Task to complete: Everything in the listing except the pictures should be written out exactly.

Input data:
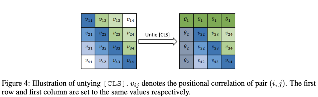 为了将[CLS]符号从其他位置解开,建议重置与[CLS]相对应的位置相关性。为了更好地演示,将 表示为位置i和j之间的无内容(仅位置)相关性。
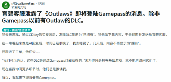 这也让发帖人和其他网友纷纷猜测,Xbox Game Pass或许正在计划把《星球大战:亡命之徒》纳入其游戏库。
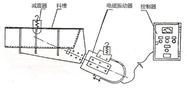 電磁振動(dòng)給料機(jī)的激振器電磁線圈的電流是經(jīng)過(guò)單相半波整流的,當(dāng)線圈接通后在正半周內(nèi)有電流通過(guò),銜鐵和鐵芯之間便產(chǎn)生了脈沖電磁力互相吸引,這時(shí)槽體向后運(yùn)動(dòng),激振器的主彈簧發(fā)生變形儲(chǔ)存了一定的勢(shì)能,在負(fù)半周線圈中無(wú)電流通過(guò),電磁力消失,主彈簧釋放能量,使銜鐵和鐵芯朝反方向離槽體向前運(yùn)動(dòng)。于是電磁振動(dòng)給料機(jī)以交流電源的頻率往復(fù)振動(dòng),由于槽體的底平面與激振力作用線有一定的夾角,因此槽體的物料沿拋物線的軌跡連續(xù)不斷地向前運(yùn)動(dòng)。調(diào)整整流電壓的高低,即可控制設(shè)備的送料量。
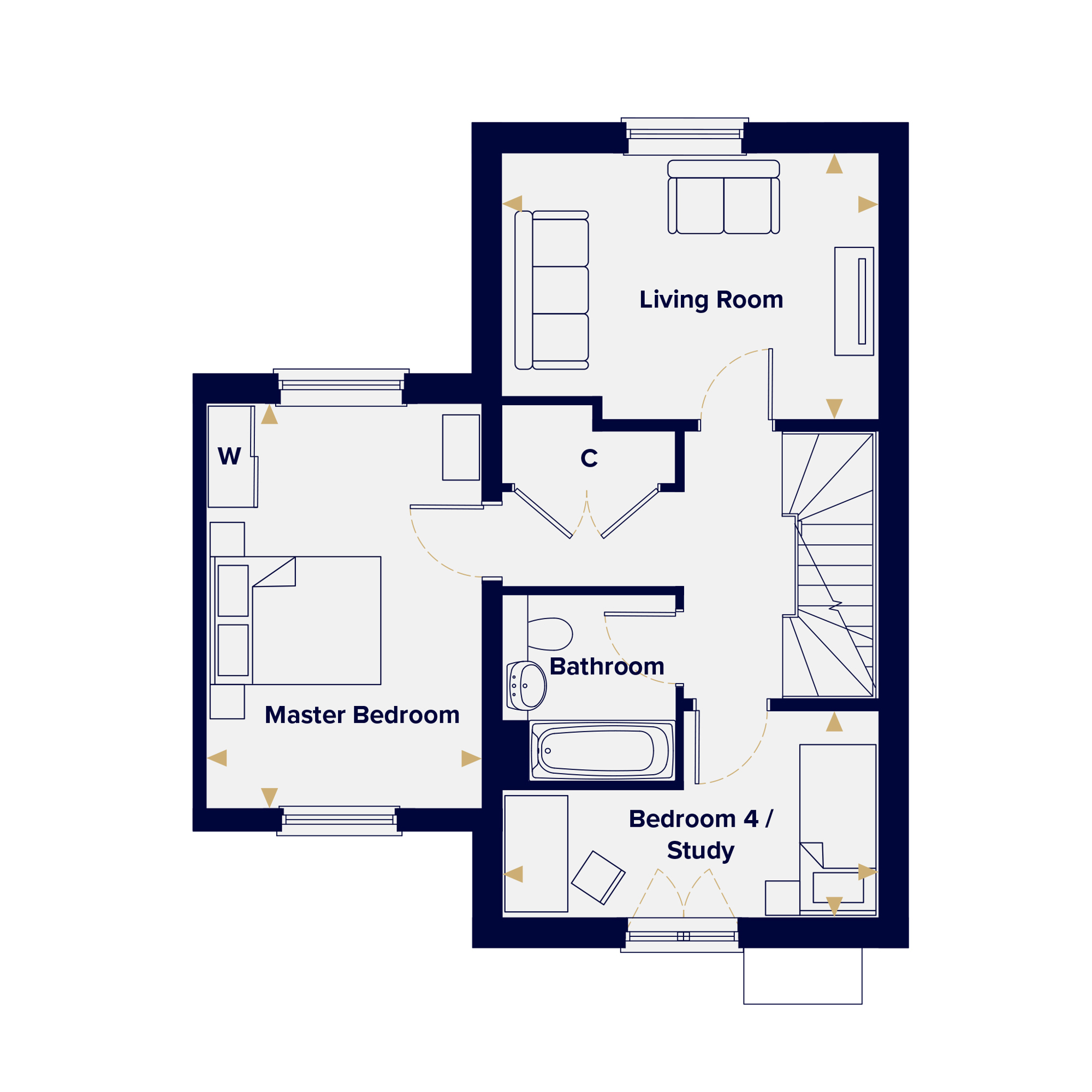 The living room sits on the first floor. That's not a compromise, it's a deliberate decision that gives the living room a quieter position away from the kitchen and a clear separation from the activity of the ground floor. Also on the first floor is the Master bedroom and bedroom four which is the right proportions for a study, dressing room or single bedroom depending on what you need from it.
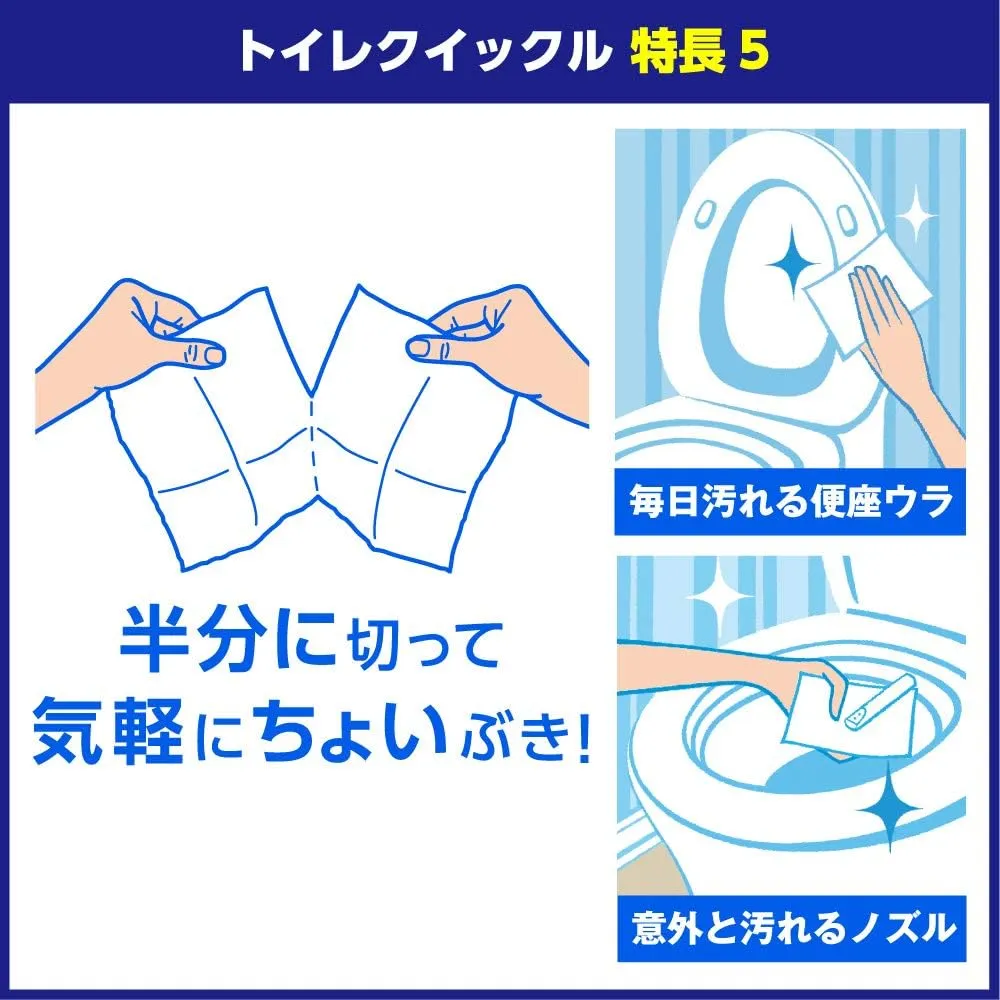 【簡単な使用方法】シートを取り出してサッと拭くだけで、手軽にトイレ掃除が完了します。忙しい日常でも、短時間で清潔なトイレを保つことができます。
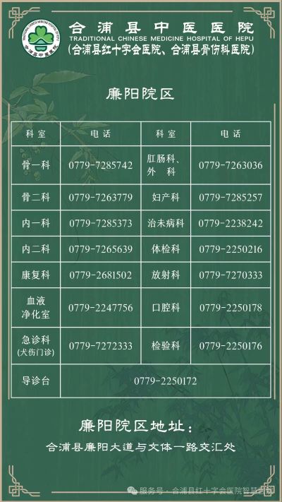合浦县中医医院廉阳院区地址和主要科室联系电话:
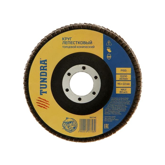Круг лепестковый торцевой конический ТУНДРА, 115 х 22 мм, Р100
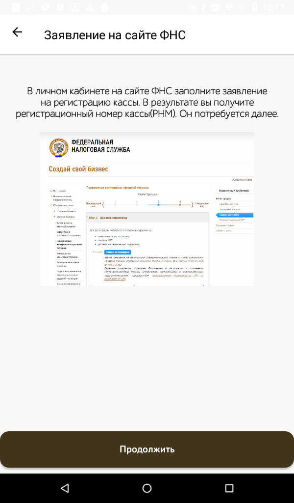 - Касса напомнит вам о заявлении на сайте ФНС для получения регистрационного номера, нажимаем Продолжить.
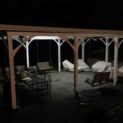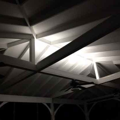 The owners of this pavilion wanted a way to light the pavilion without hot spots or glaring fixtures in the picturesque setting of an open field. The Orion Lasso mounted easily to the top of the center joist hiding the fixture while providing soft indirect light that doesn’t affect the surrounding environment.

Written answer:
 为了将[CLS]符号从其他位置解开,建议重置与[CLS]相对应的位置相关性。为了更好地演示,将 表示为位置i和j之间的无内容(仅位置)相关性。
 这也让发帖人和其他网友纷纷猜测,Xbox Game Pass或许正在计划把《星球大战:亡命之徒》纳入其游戏库。
 電磁振動(dòng)給料機(jī)的激振器電磁線圈的電流是經(jīng)過(guò)單相半波整流的,當(dāng)線圈接通后在正半周內(nèi)有電流通過(guò),銜鐵和鐵芯之間便產(chǎn)生了脈沖電磁力互相吸引,這時(shí)槽體向后運(yùn)動(dòng),激振器的主彈簧發(fā)生變形儲(chǔ)存了一定的勢(shì)能,在負(fù)半周線圈中無(wú)電流通過(guò),電磁力消失,主彈簧釋放能量,使銜鐵和鐵芯朝反方向離槽體向前運(yùn)動(dòng)。于是電磁振動(dòng)給料機(jī)以交流電源的頻率往復(fù)振動(dòng),由于槽體的底平面與激振力作用線有一定的夾角,因此槽體的物料沿拋物線的軌跡連續(xù)不斷地向前運(yùn)動(dòng)。調(diào)整整流電壓的高低,即可控制設(shè)備的送料量。
 The living room sits on the first floor. That's not a compromise, it's a deliberate decision that gives the living room a quieter position away from the kitchen and a clear separation from the activity of the ground floor. Also on the first floor is the Master bedroom and bedroom four which is the right proportions for a study, dressing room or single bedroom depending on what you need from it.
 【簡単な使用方法】シートを取り出してサッと拭くだけで、手軽にトイレ掃除が完了します。忙しい日常でも、短時間で清潔なトイレを保つことができます。
合浦县中医医院廉阳院区地址和主要科室联系电话:
Круг лепестковый торцевой конический ТУНДРА, 115 х 22 мм, Р100
 - Касса напомнит вам о заявлении на сайте ФНС для получения регистрационного номера, нажимаем Продолжить.
 The owners of this pavilion wanted a way to light the pavilion without hot spots or glaring fixtures in the picturesque setting of an open field. The Orion Lasso mounted easily to the top of the center joist hiding the fixture while providing soft indirect light that doesn’t affect the surrounding environment.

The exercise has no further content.